Çelik, avukatı Murat Üstündağ tarafından paylaşılan savunmasında, Bayırbucak Türkmenleri ile Suriye'deki 2 tümenin komutanlığını yaptığını ve Türkiye'ye yaralı askerlerin tedavisi için geldiğini belirtti.
Güvenlik kuvvetlerinin araçta bulduğu silahların yaralılara ait olduğunu öne süren Çelik, silahların iade edilmesi gerektiğini savundu.
Türkiye'de silahla korunma ihtiyacı duymadığını belirten Çelik, Türkmen dağlarının sürekli saldırı altında olması nedeniyle silahla dolaşmanın bir zorunluluk olduğunu ifade etti.
Çelik, savunmasında, düşürülen Rus uçağının pilotunun öldürülmesi olayına da değindi.

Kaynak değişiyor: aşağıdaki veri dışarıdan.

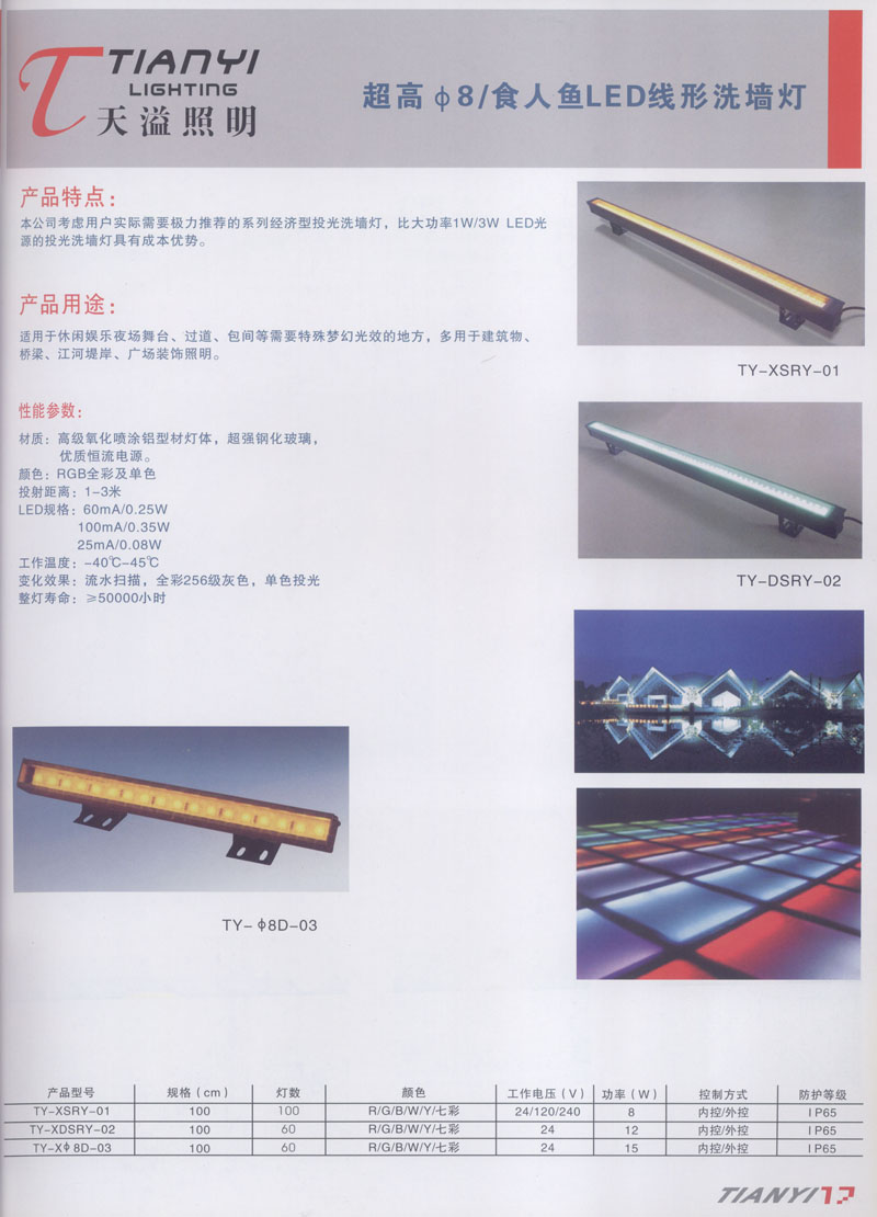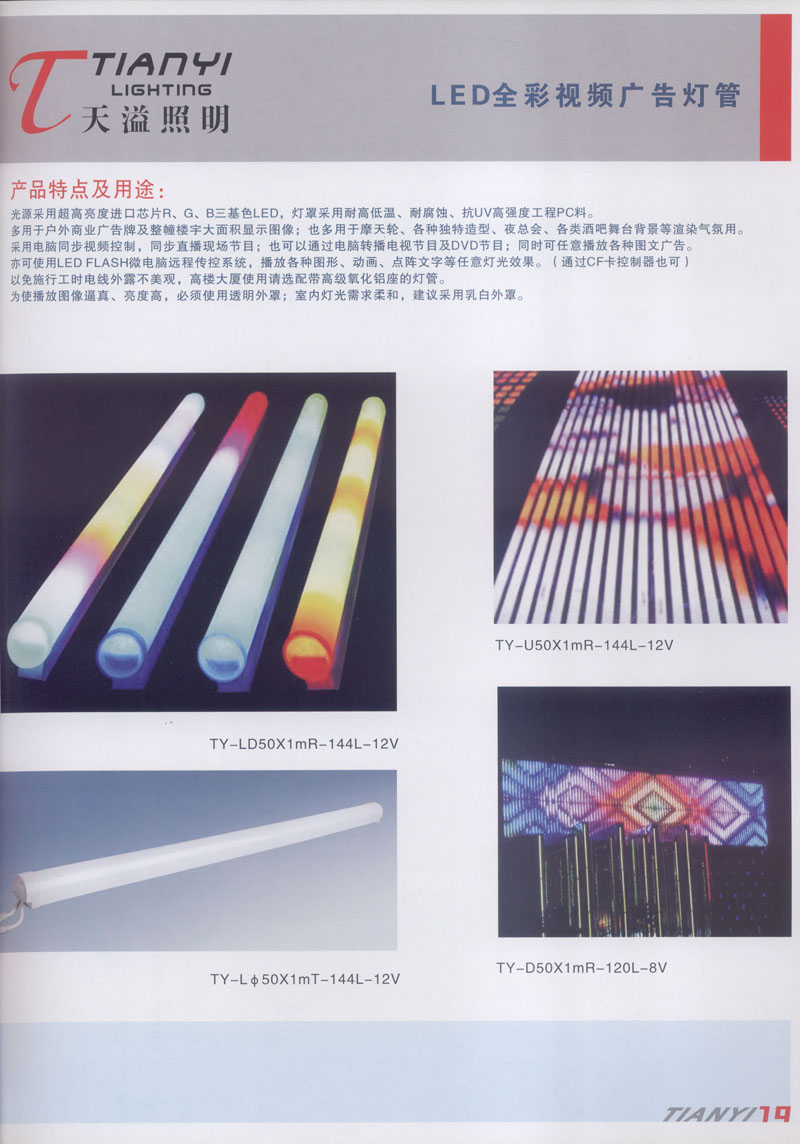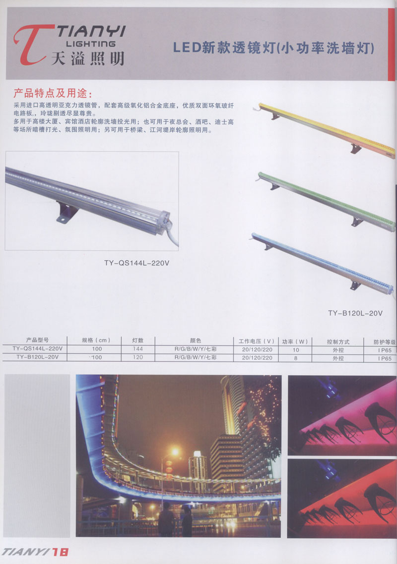 天溢照明是中國(guó)領(lǐng)先的專業(yè)從事LED廣告照明裝飾燈具設(shè)計(jì)、系統(tǒng)開發(fā)、燈具制造、工程服務(wù)一體的專業(yè)型公司,本公司產(chǎn)品已廣泛應(yīng)用于全國(guó)大多數(shù)城市夜景亮化景觀照明、酒店休閑娛樂夜場(chǎng)夢(mèng)幻燈光、戶內(nèi)外廣告宣傳、建筑及室內(nèi)照明以及家居裝飾等場(chǎng)合。

'ATEŞ EDİLMEMESİ EMRİ VERDİM'
Rus pilotu emri altındakilerin öldürdüğünü söyleyen Çelik, şunları kaydetti:
"Sosyal medyada yayınlanan ilk görüntülerde, paraşütün görüldüğü anda ateş edilmemesi emrini verdiğim, ateş edilirken emri bağırarak defalarca tekrarladığım, teslim alınmasını emrettiğim, yakınımdakilerin de emrimi bağırarak tekrar etmeye çalıştıkları bellidir. Uçak, bombalarını boşalttıktan sonra Türkiye üzerinden dönüş yaparken vurulmuştur. Bombalardan korunmak için araziye dağılan insanlar, yaralılarla ilgilenmeye çalışırken uçak vurulmuştur. Bombaların düştüğü bir enkazdan ölü ve yaralıların çıkartılmasına çabaladığımız bir anda uçağın vurulduğu ve pilotun atladığı fark edilmiştir."

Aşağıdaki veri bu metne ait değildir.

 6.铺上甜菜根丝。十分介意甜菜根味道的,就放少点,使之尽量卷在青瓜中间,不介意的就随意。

‘SEVE SEVE HER ŞEYİ ANLATIRIM'
Emrin geniş arazide, bombaların patlamasından kısa bir süre sonra, insanların ölü ve yaralılarıyla ilgilenmeye çalıştığı anda verildiğinden yeteri kadar duyurulamadığını savunan Çelik, savunmasına şöyle devam etti:
"Görüntülerde yer alan herkes, eşini, kızını, çocuğunu, mutlaka birkaç yakınını kaybetmiştir. Bu karmaşada emir bu insanlara verilmiştir ancak pilot, komutam altındaki kişilerce vurulduğu için tüm sorumluluk elbette benimdir. Sadece hava destekli saldırılar nedeniyle tümenimin kaybı 675 kişidir. Her ölüme üzüldüğümün bilinmesini isterim. Bırakın beni Rusya'ya çağırmayı, konsolosluk bile çağırsa seve seve her şeyi anlatırım, bütün hesabı veririm. Biz millet olarak da inanç olarak da her kötülüğün bir iyiliğe, iyiye dönüşeceğine inanırız."

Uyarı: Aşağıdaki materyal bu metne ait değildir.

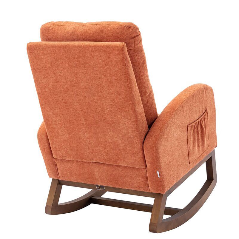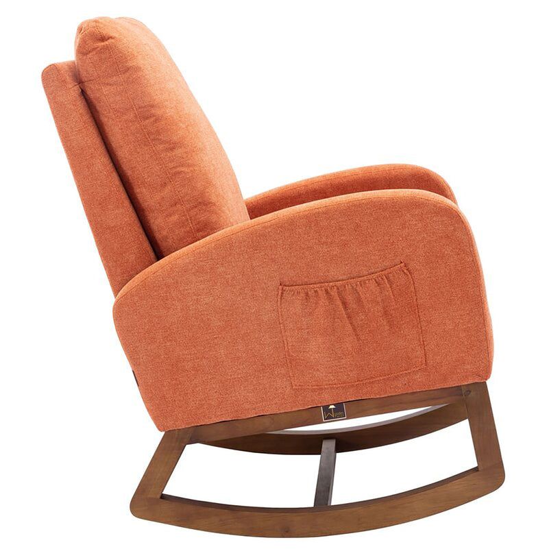 Holland fabric Rocking Chair Comfortable Living Room Rocker Lounge Armchair with Solid Wood Base High-Back Porch Rocker Nursery Rocker w/Side Storage Pocket, This indoor rocking chair with a thick cushion seat and back provides you incredibly soft sitting experience and relieve your fatigue. This rocking chair is a great addition to any room in your home, especially a living room bedroom, or nursery.

'PİLOTLARIN İKİSİNİ DE VURDUK' DEMİŞTİ
Ardından İzmir'in Karabağlar ilçesindeki bir lokantada silahlı kişiler olduğu yönündeki ihbar doğrultusunda üzerlerinde ruhsatsız 3 tabanca, otomobillerinde ise 1 kalaşnikof uzun namlulu silah ele geçirilerek gözaltına alınan 15 zanlının evlerinde yapılan aramalarda da ruhsatsız 3 tabanca, 1 pompalı tüfek ile 2 telsiz ele geçirilmişti.
Gözaltına alınanlar arasında bulunan Rus uçağının düşürülmesinin ardından paraşütle atlayan pilotu öldürdüğü yönündeki basına yansıyan açıklamalarıyla bilinen Alparslan Çelik'in, ‘sahte para' suçundan hakkında kesinleşmiş 2.5 yıl hapis ve 2 bin lira para cezası bulunduğu, zanlının ayrıca ‘hükümlünün kaçmasına yardım' ve ‘dolandırıcılık' suçlarından da Elazığ Emniyet Müdürlüğü'nce arandığı tespit edilmişti.
‘6136 sayılı Ateşli Silahlar Kanununa Muhalefet' suçlamasıyla tutuklanmaları talebiyle 3. Nöbetçi Sulh Ceza Hakimliği'ne sevk edilen zanlılardan Alparslan Çelik, İsmail Demir, Mustafa Develi, Asil Tırnova, Fatih Arnas, Bayram Karaarslan ve Murat Gezer 3 Nisan'da tutuklanmıştı.